2. Add those configuration lines into your pom.xml file:
<groupId>benchmarking</groupId> <artifactId>benchmark</artifactId> <version>1.0</version> <dependencies> <dependency> <groupId>org.openjdk.jmh</groupId> <artifactId>jmh-core</artifactId> <version>${jmh.version}</version> </dependency> <dependency> <groupId>org.openjdk.jmh</groupId> <artifactId>jmh-generator-annprocess</artifactId> <version>${jmh.version}</version> <scope>provided</scope> </dependency> </dependencies> <properties> <jmh.version>1.17.5</jmh.version> <javac.target>1.8</javac.target> </properties> <build> <plugins> <plugin> <groupId>org.apache.maven.plugins</groupId> <artifactId>maven-compiler-plugin</artifactId> <version>3.1</version> <configuration> <compilerVersion>${javac.target}</compilerVersion> <source>${javac.target}</source> <target>${javac.target}</target> </configuration> </plugin> <plugin> <groupId>org.apache.maven.plugins</groupId> <artifactId>maven-shade-plugin</artifactId> <version>2.2</version> <executions> <execution> <phase>package</phase> <goals> <goal>shade</goal> </goals> <configuration> <finalName>${uberjar.name}</finalName> <transformers> <transformer implementation="org.apache.maven.plugins.shade.resource.ManifestResourceTransformer"> <mainClass>org.openjdk.jmh.Main</mainClass> </transformer> </transformers> <filters> <filter> <artifact>*:*</artifact> <excludes> <exclude>META-INF/*.SF</exclude> <exclude>META-INF/*.DSA</exclude> <exclude>META-INF/*.RSA</exclude> </excludes> </filter> </filters> </configuration> </execution> </executions> </plugin> </plugins> <pluginManagement> <plugins> <plugin> <artifactId>maven-clean-plugin</artifactId> <version>2.5</version> </plugin> <plugin> <artifactId>maven-install-plugin</artifactId> <version>2.5.1</version> </plugin> <plugin> <artifactId>maven-jar-plugin</artifactId> <version>2.4</version> </plugin> </plugins> </pluginManagement> </build
3. Now when you have all set, create a class.

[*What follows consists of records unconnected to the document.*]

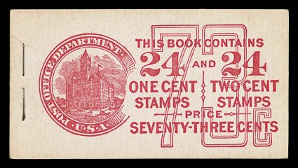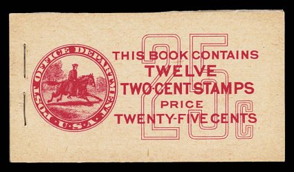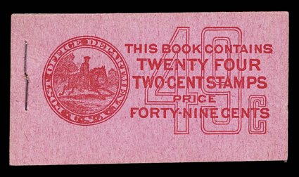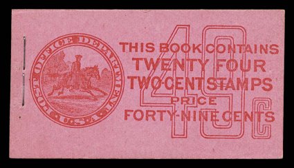 967 BK BK59 var. image#BK59 var., 1917 49c Red on pink complete unexploded booklet of four panes of 2c Rose (#499e), position A, panes are well centered with fresh color, o.g., n.h., unusually crisp clean covers, only light staple indentation on front at right from another booklet from Post Office packaging, extremely fine; this booklet has scarcer Furman cover type IIg that receives considerable premium over the normal (Furman #BK59 BC5A IIg). (Image) $400.00+
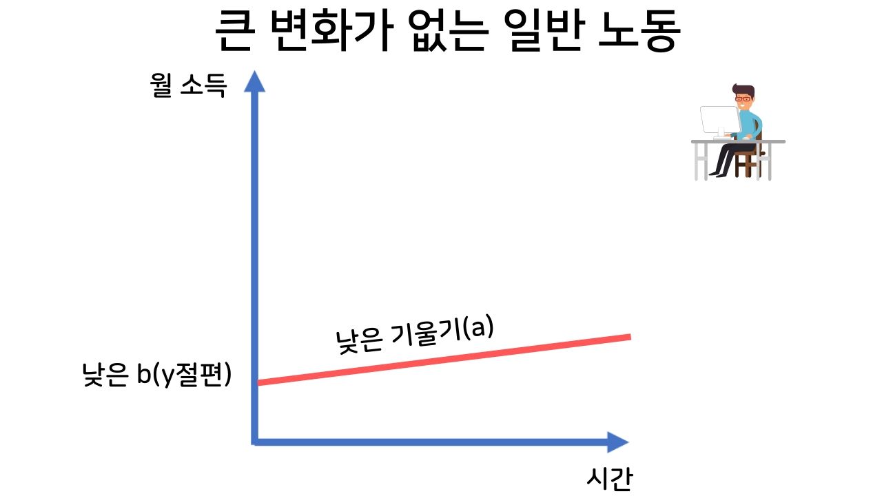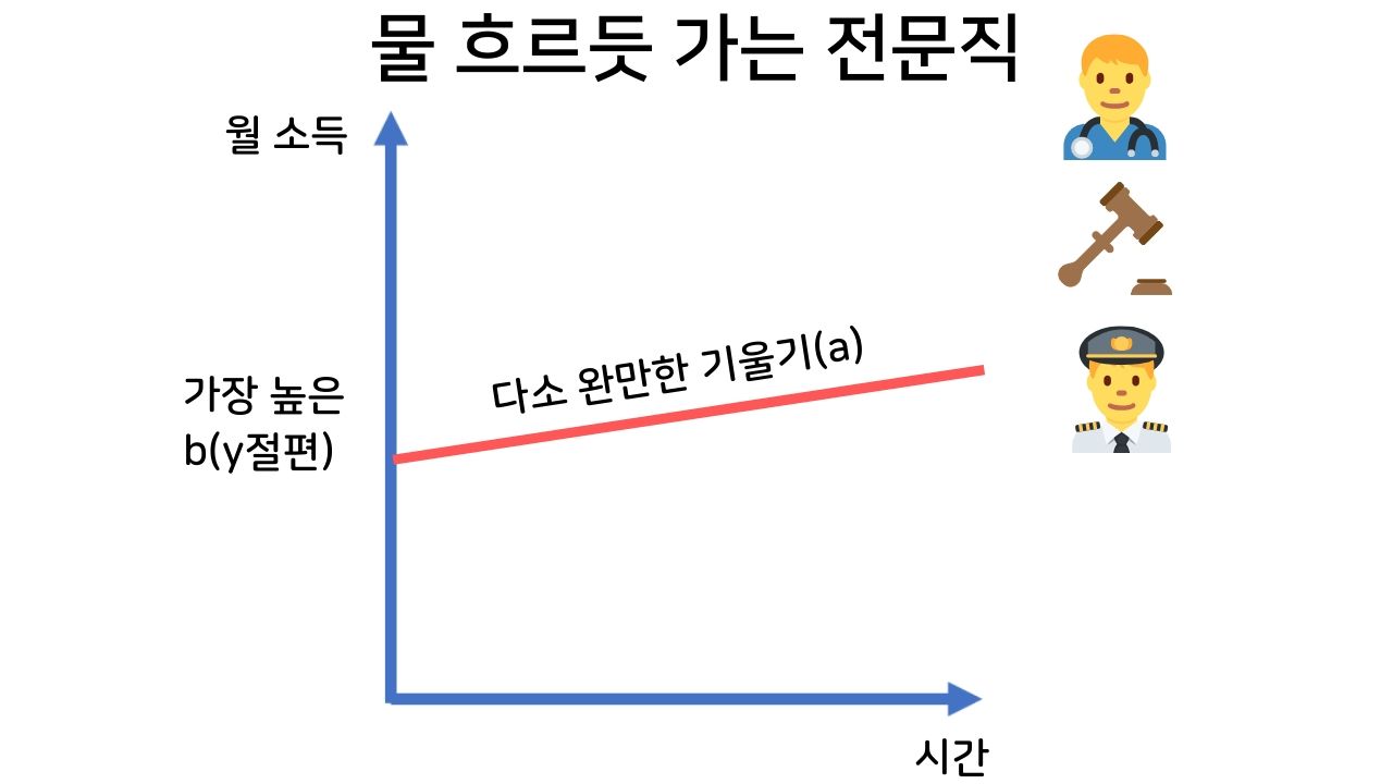 주변 친구 중에 전문직이 많다. 의사, 치과의, 약사, 파일럿, 회계사, 변호사 등과 이야기를 하면 한 가지 공통점이 있다. 이들은 20대 대학시절의 추억이 없다. 실제로 대학시절에 얼굴 보기가 힘들었다. 그들은 오로지 정신없이 전공 공부를 또는 고시공부를 하느라 바빴다. 20대 황금기를 희생한 결과 특수한 교육과 면허를 취득하면서 노동시장에 진입했다. 이를 수식으로 표현하면 b값(y절편)이 높게 나타난다. 전문직은 인력 양성에 필요한 엄청난 시간과 금액을 요구한다. 그래서 노동의 수요에 비해 공급량이 적기 때문에 노동의 가치가 높아 타 직업 대비 고수입을 올릴 수 있게 된다. 2016년 보건복지부 자료를 살펴보면 봉직의(페이닥터)의 평균 연봉이 1억 5300만원에 달하는 것으로 집계 되었다. 일반 노동자 대비 5배 정도로 추정된다.
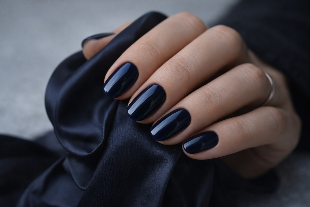 Когда хочется тёмного оттенка, но бордо уже «переносили», февраль отдаёт корону midnight blue. Он выглядит дороже чёрного, мягче графита и при этом даёт тот же эффект собранности. Vogue прямо называет midnight blue одним из первых больших трендов 2026, и отмечает, что он работает на любой длине и форме, включая короткий миндаль.
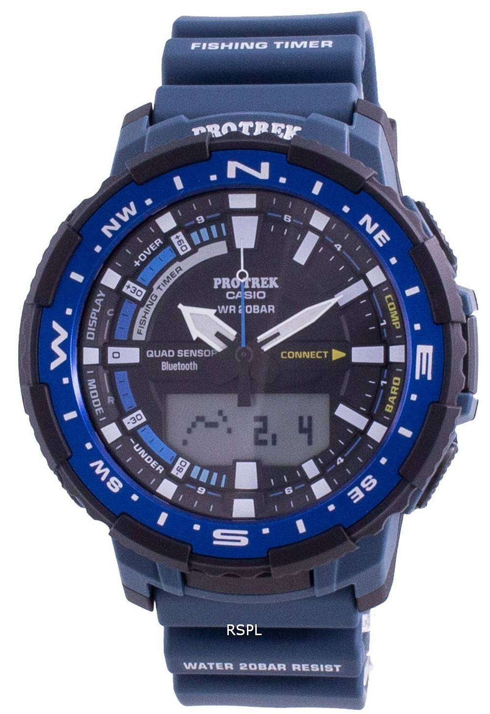 Casio Protrek Bluetooth Smart Quad Sensor Quartz PRT-B70-2 PRTB70-2 200M Men’s Watch This watch comprises a compass, a barometer, an altimeter and a thermometer besides an accelerometer that counts your steps. It connects to your smart phone, updates time and locates your position on this world. It also accompanies you when you are out in the sea or underwater. It displays fishing information too and can be called the complete, outdoor watch.

Be aware that this class has to be in some package. Otherwise, the project will not be built.
Mine looks as follows:
package com.goyello; import org.openjdk.jmh.annotations.Benchmark; public class FirstBenchmark { @Benchmark public String firstBenchmark() { int dec = 123456789; return Integer.toBinaryString(dec); } }
Running a project
Now all you need to do is to run in project directory Maven build:
mvn install
After this, go into the target directory and run benchmark jar:
cd target java -jar benchmark-1.0.jar
You should see some output now:
# JMH 1.17.5 (released 22 days ago) # VM version: JDK 1.8.0_92, VM 25.92-b14 # VM invoker: C:\Program Files\Java\jre1.8.0_92\bin\java.exe # VM options: <none> # Warmup: 20 iterations, 1 s each # Measurement: 20 iterations, 1 s each # Timeout: 10 min per iteration # Threads: 1 thread, will synchronize iterations # Benchmark mode: Throughput, ops/time # Benchmark: com.goyello.FirstBenchmark.firstBenchmark
After it is finished you will see some stats:
Result "com.goyello.FirstBenchmark.firstBenchmark": 27755669,342 ?(99.9%) 987027,288 ops/s [Average] (min, avg, max) = (17285337,443, 27755669,342, 36147589,932), stdev = 4179135,343 CI (99.9%): [26768642,054, 28742696,630] (assumes normal distribution) # Run complete. Total time: 00:06:46 Benchmark Mode Cnt Score Error Units FirstBenchmark.firstBenchmark thrpt 200 27755669,342 ? 987027,288 ops/s
It is also possible to run benchmark tests directly in your favourite IDE.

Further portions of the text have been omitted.